Скорбные мотивы в «Четверостишиях» совсем не характерны для оптимистического и жизнеутверждающего творчества Туманяна. Поэт обладал большой силой внутреннего мужества. В нем было развито живущее в сознании народных масс здоровое чувство оптимизма. «Поднялась буря, – писал он в гнетущие дни империалистической войны, – за тяжелым чувством последовали страшные потрясения и смятение, но и это пройдет, вновь взойдет яркое солнце и улыбнется мирный день… После нынешней войны с невиданной силой и глубиной встанет проблема мира во всем мире…»
Туманян с гневом говорил о германском империализме. Его волновал вопрос о будущем мире. «Единственная моя надежда, – писал он, – что этой войной Германия, и вместе с нею милитаризм погибнут… Австро-Венгрия и все германское эгоистическое племя получат достойное наказание, и мое руссофильство победит». Только тогда «мир надолго успокоится».
Все симпатии Туманяна были на стороне России, на Германию и Австро-Венгрию он смотрел, как на главных виновников войны. Поэт упускал из виду, что война 1914 года была захватнической «войной за передел мира и сфер влияния» и что ее виновниками были не только Германия и Австро-Венгрия, но империалисты всех стран, в том числе и царская Россия.[47]47
История ВКП(б), Краткий курс, 1938, стр. 155.
[Закрыть]
В 1914 году, в условиях войны, Туманян решил отметить в армянской печати 100-летие со дня рождения Лермонтова. В октябре он написал статью под заглавием «Великий приемный сын Кавказа», в которой с грустью отмечал: «Война помешала отпраздновать светлое событие, которое должно было вызвать ликование, волнение в миллионах сердец всех народов и племен России». В этой статье была дана общая характеристика творчества русского поэта, по которой легко понять, что было особенно близко и дорого Туманяну в поэзии Лермонтова. Его прежде всего привлекала гордая, свободолюбивая натура русского поэта: «Он родился с пламенной, возвышенной душой, которая еще с детства искала новых путей в сумраке России прошлого столетия, – с душой, отвергавшей жизнь, закованную в чиновничий мундир.
И свершилась великая драма.
Да, самая ужасная из драм, драма великих душ. Лермонтов разделил судьбу своего великого предшественника Пушкина…»

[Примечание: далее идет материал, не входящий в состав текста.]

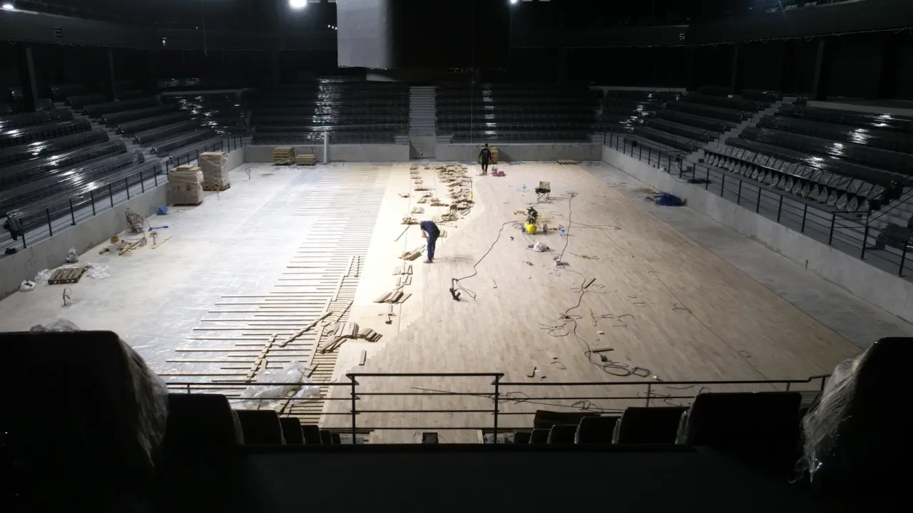 Çayırova Belediye Başkanı Bünyamin Çiftçi'nin vizyon projeleri arasında yer alan, tamamlandığında ilçenin ikinci spor salonu olacak ve uluslararası basketbol müsabakası oynamaya uygun salonuyla, sadece bölgede değil ülke genelinde fark yaratacak Kapalı Spor Salonu ve Sporcu Fabrikası'nda koltuk montajının tamamlanmasının ardından, parke montajına geçildi.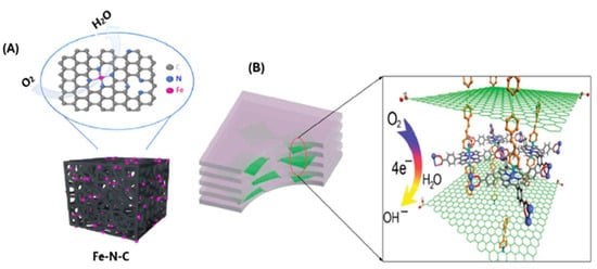 The majority of the energy that is consumed worldwide is produced through the combustion of fossil fuels []. The extensive use of fossil fuels for industrial and economic development has birthed an energy crisis and many environmental issues, such as global warming, climate change, and air pollution. For instance, when fossil fuels are combusted, harmful by-products (pollutants) such as nitrogen oxide (NOx), sulfur dioxide (SOx), volatile organic compounds (VOCs), and particulates are produced, which all have deleterious effects on the environment [,]. Hence, using fossil fuels negatively affects the environment and the world’s economy and threatens human health [,,]. To mitigate the adverse environmental effects and produce clean, sustainable energy, advancing renewable energy technology that produces low carbon emissions is essential. Among advanced technologies, polymer electrolyte membrane fuel cells (PEMFCs) and metal–air batteries are promising for powering automotive and household appliances [,,,]. Compared to internal combustion engines, PEMFCs can produce electrical energy with an impressive efficiency of 40–60% [,]. Metal–air batteries, for their part, generate electricity through chemical reactions between a metal (such as zinc) and oxygen from the air, where the metal acts as the anode and the oxygen acts as the cathode for the chemical reaction. Metal–air batteries offer an eco-friendly option and achieve energy efficiency levels that have a five to thirty times higher energy efficiency than lithium-ion batteries []. They are perceived as a sustainable energy alternative due to their eco-friendly, non-toxic, and low-cost nature, and they are a viable alternative as metals are abundant in nature [,]. These technologies utilize ORRs to convert chemical energy into electrical energy [,]. For example, a typical H2/O2 PEMFC oxidizes hydrogen (H2) at the anode, producing protons (H+) and electrons (e−). This is known as the hydrogen oxidation reaction (HOR), as seen below [,,].

Далее Туманян говорил о той «странной любви», которой любил Лермонтов отчизну, любви, которая «щедро звучала в его творениях», но тогда не могла быть понята и по достоинству оценена, потому что «жизненную арену занимали или ничтожества, или те, о которых он говорил, что «их подлые сердца облачены в мундиры». Враждебное поэту общество «голубых мундиров» изгнало его из своей среды. «Его преследовали тысячи глаз и рук… Ко всему этому прибавилось огромное горе. Лермонтов боготворил Пушкина и увидел его оклеветанным и сраженным пулей.
И тогда родилось и загремело по Руси полное огня и ненависти стихотворение «На смерть поэта». Поэт кинул в лицо царской России такие слова обличения и гнева, каких еще она не слышала. И это решило все.